LISTED ENTRIES START

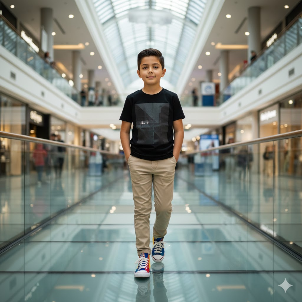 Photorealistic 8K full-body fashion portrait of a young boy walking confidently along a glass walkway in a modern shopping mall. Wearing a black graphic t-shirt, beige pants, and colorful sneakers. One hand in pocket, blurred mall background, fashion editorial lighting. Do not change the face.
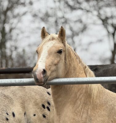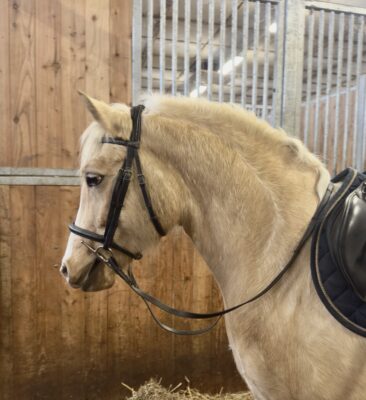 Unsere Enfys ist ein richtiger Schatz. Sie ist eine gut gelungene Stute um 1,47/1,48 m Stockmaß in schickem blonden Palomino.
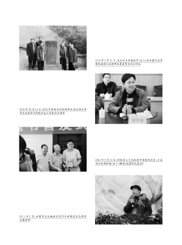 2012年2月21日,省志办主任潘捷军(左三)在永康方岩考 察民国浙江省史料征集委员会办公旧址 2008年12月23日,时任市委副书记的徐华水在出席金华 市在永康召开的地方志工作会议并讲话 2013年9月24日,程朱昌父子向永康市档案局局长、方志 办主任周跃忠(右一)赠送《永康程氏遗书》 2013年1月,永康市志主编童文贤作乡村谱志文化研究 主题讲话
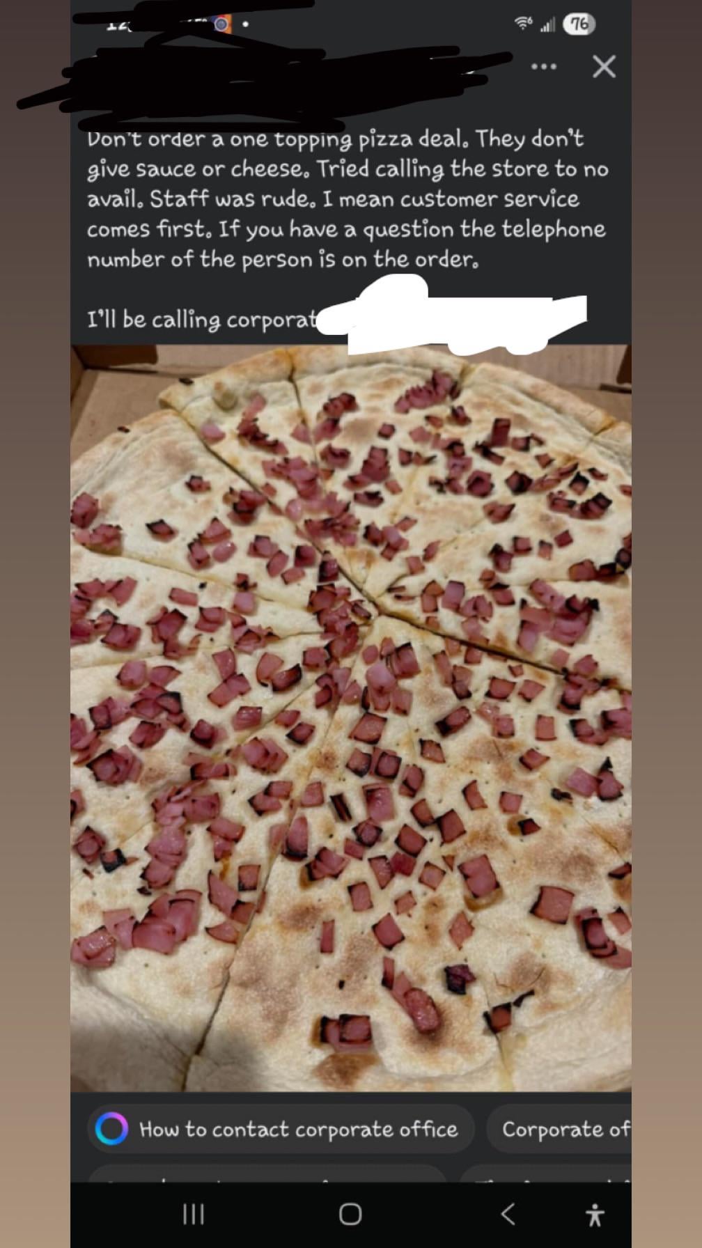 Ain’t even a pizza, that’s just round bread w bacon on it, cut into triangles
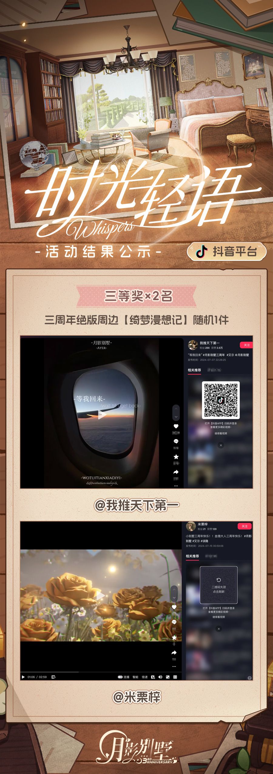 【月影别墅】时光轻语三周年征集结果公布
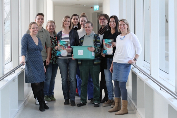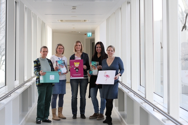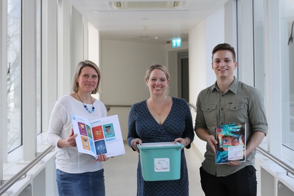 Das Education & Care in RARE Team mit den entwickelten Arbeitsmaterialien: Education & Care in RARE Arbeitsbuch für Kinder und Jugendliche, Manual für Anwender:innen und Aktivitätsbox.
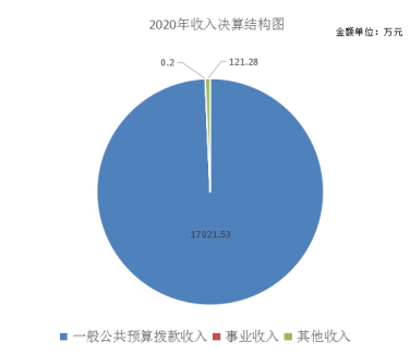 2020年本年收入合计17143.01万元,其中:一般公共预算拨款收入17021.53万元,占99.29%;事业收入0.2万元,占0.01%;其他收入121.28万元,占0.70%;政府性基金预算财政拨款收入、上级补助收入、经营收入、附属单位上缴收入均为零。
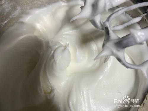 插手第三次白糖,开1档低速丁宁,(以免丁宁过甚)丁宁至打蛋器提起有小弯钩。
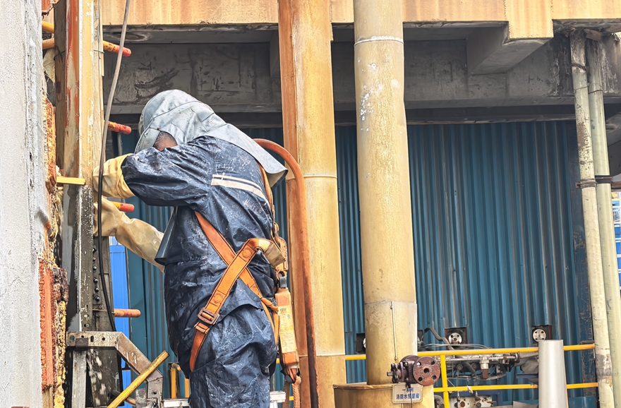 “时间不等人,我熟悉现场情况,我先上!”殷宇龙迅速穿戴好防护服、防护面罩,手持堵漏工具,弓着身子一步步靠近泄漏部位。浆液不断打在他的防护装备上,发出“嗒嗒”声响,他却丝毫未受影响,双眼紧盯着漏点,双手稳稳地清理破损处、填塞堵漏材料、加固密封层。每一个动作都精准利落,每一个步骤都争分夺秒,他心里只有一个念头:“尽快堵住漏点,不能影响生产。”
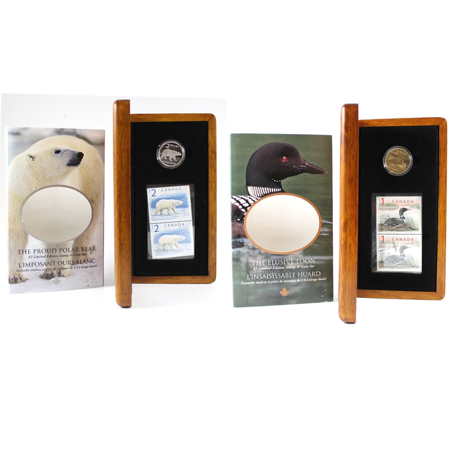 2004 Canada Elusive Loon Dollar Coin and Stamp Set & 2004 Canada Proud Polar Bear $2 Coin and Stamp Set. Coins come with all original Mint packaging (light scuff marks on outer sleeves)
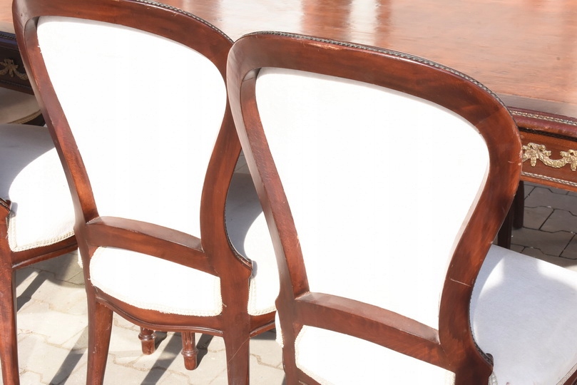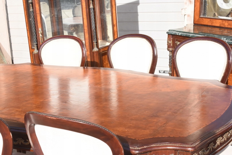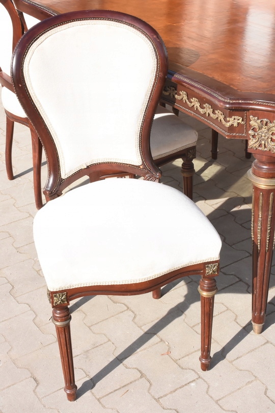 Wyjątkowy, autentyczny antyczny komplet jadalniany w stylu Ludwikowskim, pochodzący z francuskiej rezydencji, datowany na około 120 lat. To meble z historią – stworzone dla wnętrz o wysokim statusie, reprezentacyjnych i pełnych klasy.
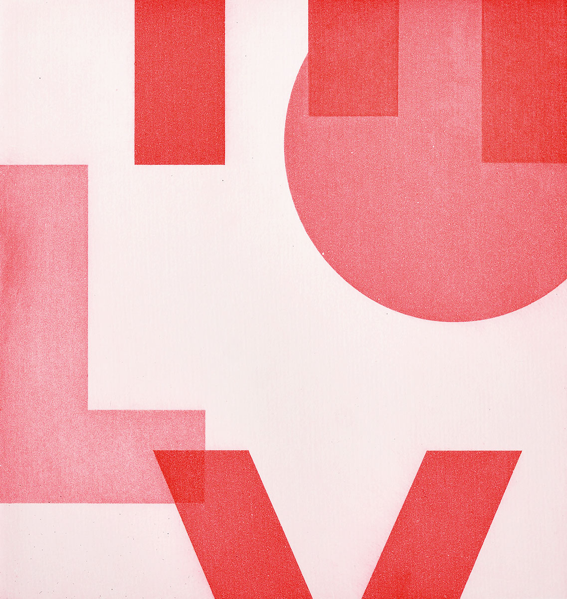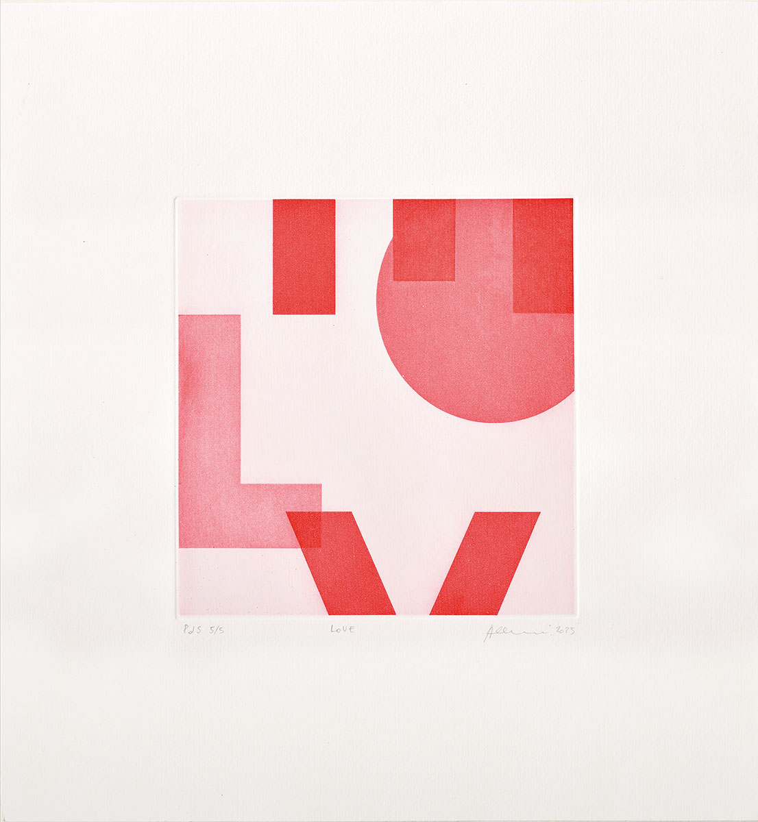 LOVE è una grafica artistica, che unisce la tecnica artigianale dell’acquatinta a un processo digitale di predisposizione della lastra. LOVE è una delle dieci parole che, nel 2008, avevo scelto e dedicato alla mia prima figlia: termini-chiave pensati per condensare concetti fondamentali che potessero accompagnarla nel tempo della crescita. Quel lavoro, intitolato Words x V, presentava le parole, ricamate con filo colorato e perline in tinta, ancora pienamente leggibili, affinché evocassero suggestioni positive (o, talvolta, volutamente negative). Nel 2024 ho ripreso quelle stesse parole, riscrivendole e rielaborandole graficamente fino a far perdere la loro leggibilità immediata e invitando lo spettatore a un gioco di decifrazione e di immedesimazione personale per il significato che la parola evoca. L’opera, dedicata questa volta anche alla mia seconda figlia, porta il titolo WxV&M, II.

LISTED ENTRIES END

▸ WHAT TO DO: Exactly as written, please copy out the whole set of records, skipping images.

▸ TASK RESPONSE:
 Photorealistic 8K full-body fashion portrait of a young boy walking confidently along a glass walkway in a modern shopping mall. Wearing a black graphic t-shirt, beige pants, and colorful sneakers. One hand in pocket, blurred mall background, fashion editorial lighting. Do not change the face.
 Unsere Enfys ist ein richtiger Schatz. Sie ist eine gut gelungene Stute um 1,47/1,48 m Stockmaß in schickem blonden Palomino.
 2012年2月21日,省志办主任潘捷军(左三)在永康方岩考 察民国浙江省史料征集委员会办公旧址 2008年12月23日,时任市委副书记的徐华水在出席金华 市在永康召开的地方志工作会议并讲话 2013年9月24日,程朱昌父子向永康市档案局局长、方志 办主任周跃忠(右一)赠送《永康程氏遗书》 2013年1月,永康市志主编童文贤作乡村谱志文化研究 主题讲话
 Ain’t even a pizza, that’s just round bread w bacon on it, cut into triangles
 【月影别墅】时光轻语三周年征集结果公布
 Das Education & Care in RARE Team mit den entwickelten Arbeitsmaterialien: Education & Care in RARE Arbeitsbuch für Kinder und Jugendliche, Manual für Anwender:innen und Aktivitätsbox.
 2020年本年收入合计17143.01万元,其中:一般公共预算拨款收入17021.53万元,占99.29%;事业收入0.2万元,占0.01%;其他收入121.28万元,占0.70%;政府性基金预算财政拨款收入、上级补助收入、经营收入、附属单位上缴收入均为零。
 插手第三次白糖,开1档低速丁宁,(以免丁宁过甚)丁宁至打蛋器提起有小弯钩。
 “时间不等人,我熟悉现场情况,我先上!”殷宇龙迅速穿戴好防护服、防护面罩,手持堵漏工具,弓着身子一步步靠近泄漏部位。浆液不断打在他的防护装备上,发出“嗒嗒”声响,他却丝毫未受影响,双眼紧盯着漏点,双手稳稳地清理破损处、填塞堵漏材料、加固密封层。每一个动作都精准利落,每一个步骤都争分夺秒,他心里只有一个念头:“尽快堵住漏点,不能影响生产。”
 2004 Canada Elusive Loon Dollar Coin and Stamp Set & 2004 Canada Proud Polar Bear $2 Coin and Stamp Set. Coins come with all original Mint packaging (light scuff marks on outer sleeves)
 Wyjątkowy, autentyczny antyczny komplet jadalniany w stylu Ludwikowskim, pochodzący z francuskiej rezydencji, datowany na około 120 lat. To meble z historią – stworzone dla wnętrz o wysokim statusie, reprezentacyjnych i pełnych klasy.
 LOVE è una grafica artistica, che unisce la tecnica artigianale dell’acquatinta a un processo digitale di predisposizione della lastra. LOVE è una delle dieci parole che, nel 2008, avevo scelto e dedicato alla mia prima figlia: termini-chiave pensati per condensare concetti fondamentali che potessero accompagnarla nel tempo della crescita. Quel lavoro, intitolato Words x V, presentava le parole, ricamate con filo colorato e perline in tinta, ancora pienamente leggibili, affinché evocassero suggestioni positive (o, talvolta, volutamente negative). Nel 2024 ho ripreso quelle stesse parole, riscrivendole e rielaborandole graficamente fino a far perdere la loro leggibilità immediata e invitando lo spettatore a un gioco di decifrazione e di immedesimazione personale per il significato che la parola evoca. L’opera, dedicata questa volta anche alla mia seconda figlia, porta il titolo WxV&M, II.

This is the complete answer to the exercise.